Information provided:

****************************************

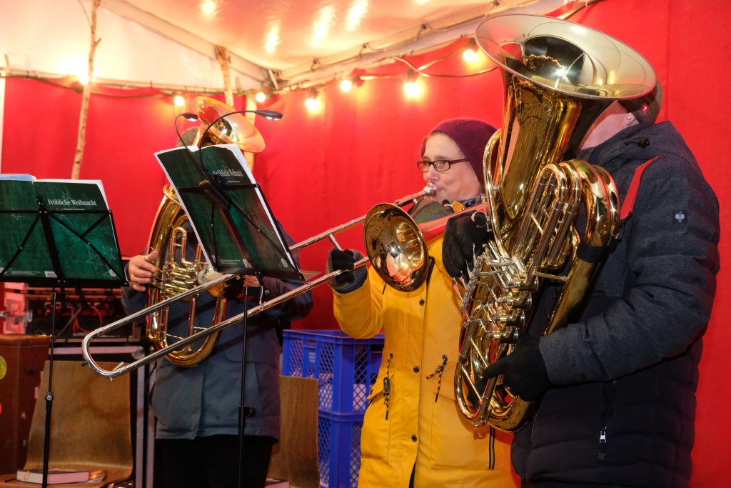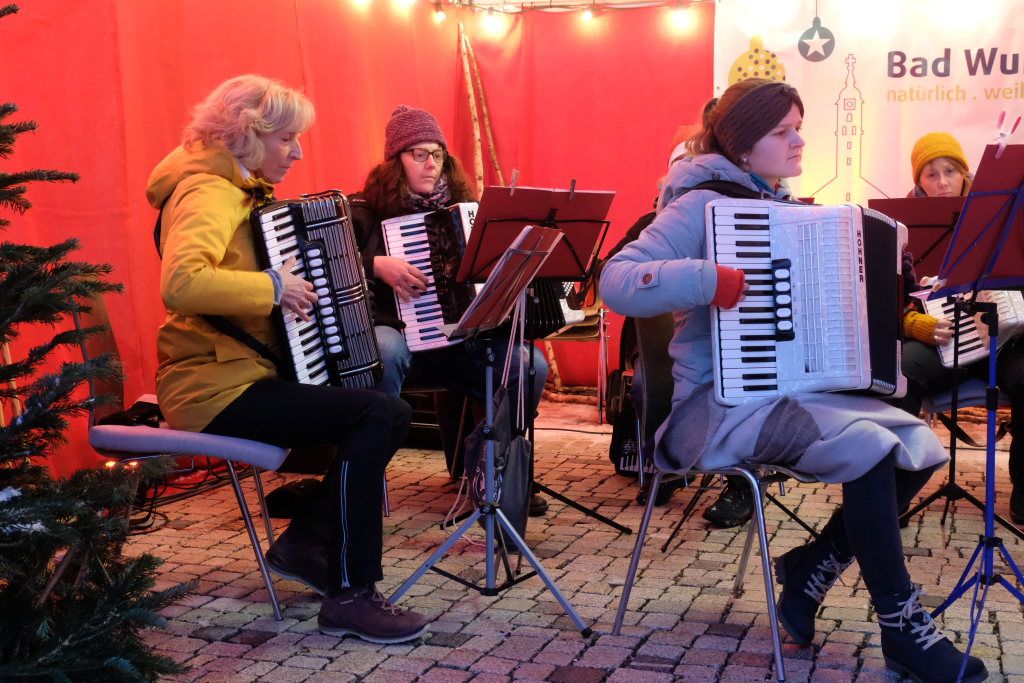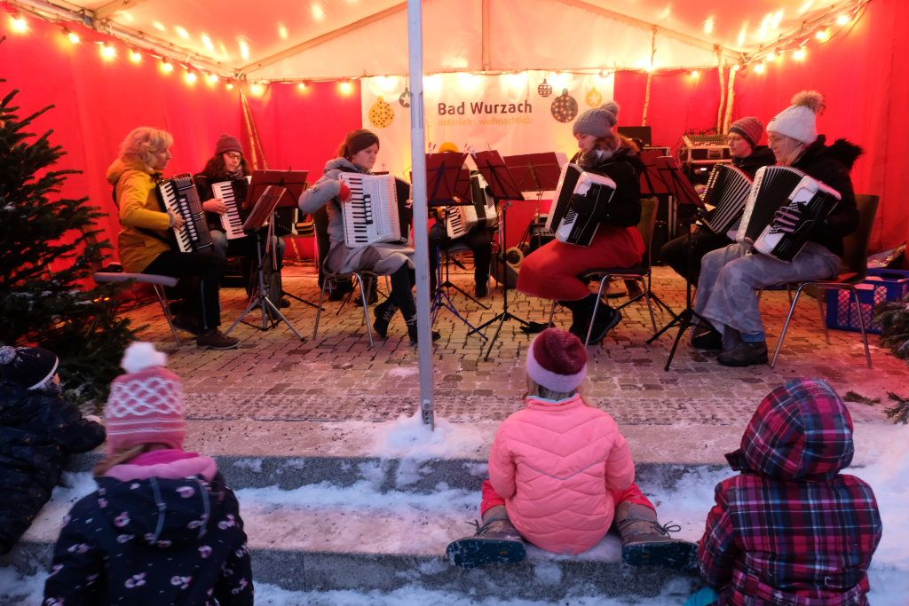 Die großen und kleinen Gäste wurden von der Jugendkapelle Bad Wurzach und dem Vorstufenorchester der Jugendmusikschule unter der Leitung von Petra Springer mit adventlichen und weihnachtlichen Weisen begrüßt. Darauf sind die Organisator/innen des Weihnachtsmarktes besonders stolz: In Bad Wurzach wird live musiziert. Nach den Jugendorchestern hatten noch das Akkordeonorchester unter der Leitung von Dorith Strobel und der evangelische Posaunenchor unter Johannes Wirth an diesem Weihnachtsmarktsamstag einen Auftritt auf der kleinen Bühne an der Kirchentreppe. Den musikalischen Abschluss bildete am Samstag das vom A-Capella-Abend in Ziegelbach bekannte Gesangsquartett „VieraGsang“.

****************************************

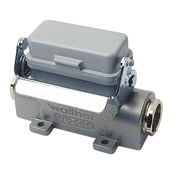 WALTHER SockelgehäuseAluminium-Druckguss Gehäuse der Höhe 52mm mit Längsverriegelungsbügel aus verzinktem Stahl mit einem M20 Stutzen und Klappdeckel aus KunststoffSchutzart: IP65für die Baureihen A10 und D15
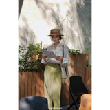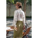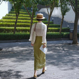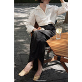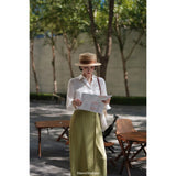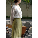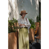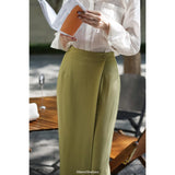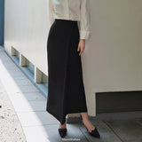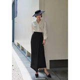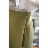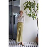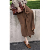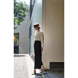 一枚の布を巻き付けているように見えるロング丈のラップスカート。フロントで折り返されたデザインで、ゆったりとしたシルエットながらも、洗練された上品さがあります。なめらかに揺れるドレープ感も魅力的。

****************************************

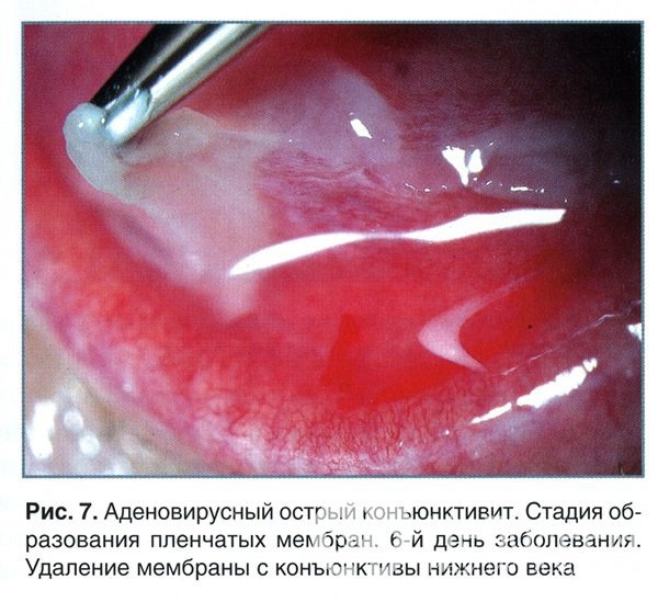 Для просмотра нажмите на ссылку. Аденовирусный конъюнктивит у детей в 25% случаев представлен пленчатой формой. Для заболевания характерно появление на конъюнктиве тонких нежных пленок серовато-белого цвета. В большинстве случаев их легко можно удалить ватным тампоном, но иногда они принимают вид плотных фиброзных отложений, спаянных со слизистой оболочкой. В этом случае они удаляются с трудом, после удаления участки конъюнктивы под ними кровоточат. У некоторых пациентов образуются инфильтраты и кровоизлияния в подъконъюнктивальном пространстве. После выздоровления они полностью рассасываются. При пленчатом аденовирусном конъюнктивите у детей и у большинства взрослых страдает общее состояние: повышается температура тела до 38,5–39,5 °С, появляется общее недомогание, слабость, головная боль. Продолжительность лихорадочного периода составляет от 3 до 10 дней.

****************************************

What you should do:
The material above holds pictures; leave them out and set down exactly the lines from the line with "WALTHER SockelgehäuseAluminium-Druckguss Gehäuse" to the line with "一枚の布を巻き付けているよう", both included.

Solution to the exercise:
 WALTHER SockelgehäuseAluminium-Druckguss Gehäuse der Höhe 52mm mit Längsverriegelungsbügel aus verzinktem Stahl mit einem M20 Stutzen und Klappdeckel aus KunststoffSchutzart: IP65für die Baureihen A10 und D15
 一枚の布を巻き付けているように見えるロング丈のラップスカート。フロントで折り返されたデザインで、ゆったりとしたシルエットながらも、洗練された上品さがあります。なめらかに揺れるドレープ感も魅力的。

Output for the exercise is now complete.